I closed my eyes and pictured a future version of myself: healed, grounded, alive again. I imagined her laying with me in bed, cradling me, whispering: You’re going to get through this. I promise. One day this will just be another story you tell.
Then I imagined myself holding a younger, broken version of me, crying over pain she thought she’d never survive — sending love backward through time to every version of myself who had ever felt abandoned, who I now knew with confidence would one day feel happy again.
In those moments, I felt love loop through time: future me taking care of broken me, broken me taking care of past me. It didn’t erase the pain, but it gave me a lifeline. And to this day, this ritual has become my most reliable source of hope: knowing that the me who has already survived this is holding space for the me who’s still breaking.
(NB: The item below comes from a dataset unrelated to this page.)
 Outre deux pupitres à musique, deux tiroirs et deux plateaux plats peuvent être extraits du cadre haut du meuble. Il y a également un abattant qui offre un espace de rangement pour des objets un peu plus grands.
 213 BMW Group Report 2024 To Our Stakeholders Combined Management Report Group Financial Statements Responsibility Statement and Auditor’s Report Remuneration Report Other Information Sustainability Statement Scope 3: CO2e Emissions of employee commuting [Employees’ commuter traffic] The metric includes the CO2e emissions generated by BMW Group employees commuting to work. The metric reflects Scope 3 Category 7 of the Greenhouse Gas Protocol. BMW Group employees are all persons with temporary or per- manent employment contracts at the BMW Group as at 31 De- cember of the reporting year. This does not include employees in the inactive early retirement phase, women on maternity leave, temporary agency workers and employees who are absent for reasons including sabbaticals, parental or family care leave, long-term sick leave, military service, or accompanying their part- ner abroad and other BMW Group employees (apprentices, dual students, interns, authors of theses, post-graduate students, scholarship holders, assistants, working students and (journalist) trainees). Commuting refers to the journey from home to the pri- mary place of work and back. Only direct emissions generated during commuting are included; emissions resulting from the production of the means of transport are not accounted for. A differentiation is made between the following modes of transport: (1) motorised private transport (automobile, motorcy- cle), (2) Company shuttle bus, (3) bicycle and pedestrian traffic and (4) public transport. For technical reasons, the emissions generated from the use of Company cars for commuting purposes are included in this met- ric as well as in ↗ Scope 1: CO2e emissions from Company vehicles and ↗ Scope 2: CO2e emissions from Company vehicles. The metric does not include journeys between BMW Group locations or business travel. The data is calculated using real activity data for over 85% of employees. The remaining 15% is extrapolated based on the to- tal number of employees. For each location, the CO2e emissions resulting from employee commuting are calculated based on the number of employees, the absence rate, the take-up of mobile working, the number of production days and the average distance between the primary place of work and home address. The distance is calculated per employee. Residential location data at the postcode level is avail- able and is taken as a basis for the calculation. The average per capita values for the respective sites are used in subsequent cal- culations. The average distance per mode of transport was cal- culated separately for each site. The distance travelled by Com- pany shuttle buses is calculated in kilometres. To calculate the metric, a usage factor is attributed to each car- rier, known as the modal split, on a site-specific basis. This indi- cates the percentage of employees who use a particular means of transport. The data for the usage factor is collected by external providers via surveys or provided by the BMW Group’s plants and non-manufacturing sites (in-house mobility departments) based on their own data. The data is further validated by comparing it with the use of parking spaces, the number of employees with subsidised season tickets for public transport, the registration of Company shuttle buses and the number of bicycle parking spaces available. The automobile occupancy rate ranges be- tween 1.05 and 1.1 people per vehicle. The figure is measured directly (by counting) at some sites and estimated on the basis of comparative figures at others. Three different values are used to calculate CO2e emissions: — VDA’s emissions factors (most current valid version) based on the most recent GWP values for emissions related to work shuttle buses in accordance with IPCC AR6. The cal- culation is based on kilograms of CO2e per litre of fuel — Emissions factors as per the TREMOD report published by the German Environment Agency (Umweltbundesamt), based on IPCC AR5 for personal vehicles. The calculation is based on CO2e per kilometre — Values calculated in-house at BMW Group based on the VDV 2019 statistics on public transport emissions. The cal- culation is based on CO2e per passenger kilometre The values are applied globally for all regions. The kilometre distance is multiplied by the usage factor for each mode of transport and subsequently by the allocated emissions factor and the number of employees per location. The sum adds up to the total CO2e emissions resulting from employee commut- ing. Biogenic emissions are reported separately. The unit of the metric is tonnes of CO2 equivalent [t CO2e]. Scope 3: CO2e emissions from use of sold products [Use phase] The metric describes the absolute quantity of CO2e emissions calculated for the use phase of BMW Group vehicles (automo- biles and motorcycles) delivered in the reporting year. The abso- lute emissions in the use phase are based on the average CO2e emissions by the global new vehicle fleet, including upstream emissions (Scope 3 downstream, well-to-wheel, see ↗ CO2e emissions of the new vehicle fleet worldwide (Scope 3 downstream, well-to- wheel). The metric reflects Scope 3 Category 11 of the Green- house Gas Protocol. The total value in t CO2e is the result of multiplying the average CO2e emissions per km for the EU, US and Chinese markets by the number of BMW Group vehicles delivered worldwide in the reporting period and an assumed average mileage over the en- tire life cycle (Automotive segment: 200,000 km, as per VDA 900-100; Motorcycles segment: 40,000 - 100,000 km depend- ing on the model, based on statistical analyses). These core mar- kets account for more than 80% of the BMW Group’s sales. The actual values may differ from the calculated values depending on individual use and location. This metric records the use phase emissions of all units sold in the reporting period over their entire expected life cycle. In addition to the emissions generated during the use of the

That heartbreak taught me something no safe relationship ever could: I was stronger than I thought. I could survive the thing I thought would destroy me.
And once you’ve lived through your worst fear in a relationship, you walk differently. You stop making choices from fear of rejection. You understand that even if everything shatters, you will still be here. You will still be able to pick up the pieces and make something new and beautiful from the rubble.
Getting cheated on didn’t ruin me. It returned me to myself. It showed me that even when someone else breaks every promise, I can still keep the most important one: to never abandon me. Now, when life cracks me open, I don’t see it as the end. I remember that girl crying alone in her bed, and the woman she became. If I could survive that, I can survive anything.
Eight months later, once I was long returned to my full, shining form, she called to apologize — to tell me she never meant to hurt me, to reaffirm how amazing I am, to take responsibility for her actions and to pour out all the regret she carried. I let her say it for her own healing. But when it was my turn to speak, all I needed to say was: I know. I didn’t need her words to close the wound. I had already healed myself.
And maybe that’s the point of heartbreak. It isn’t just a loss. It’s proof of our capacity to expand, to risk again, to love harder. Every ending carries the possibility of becoming a beginning — if we dare to stay with ourselves through the breaking.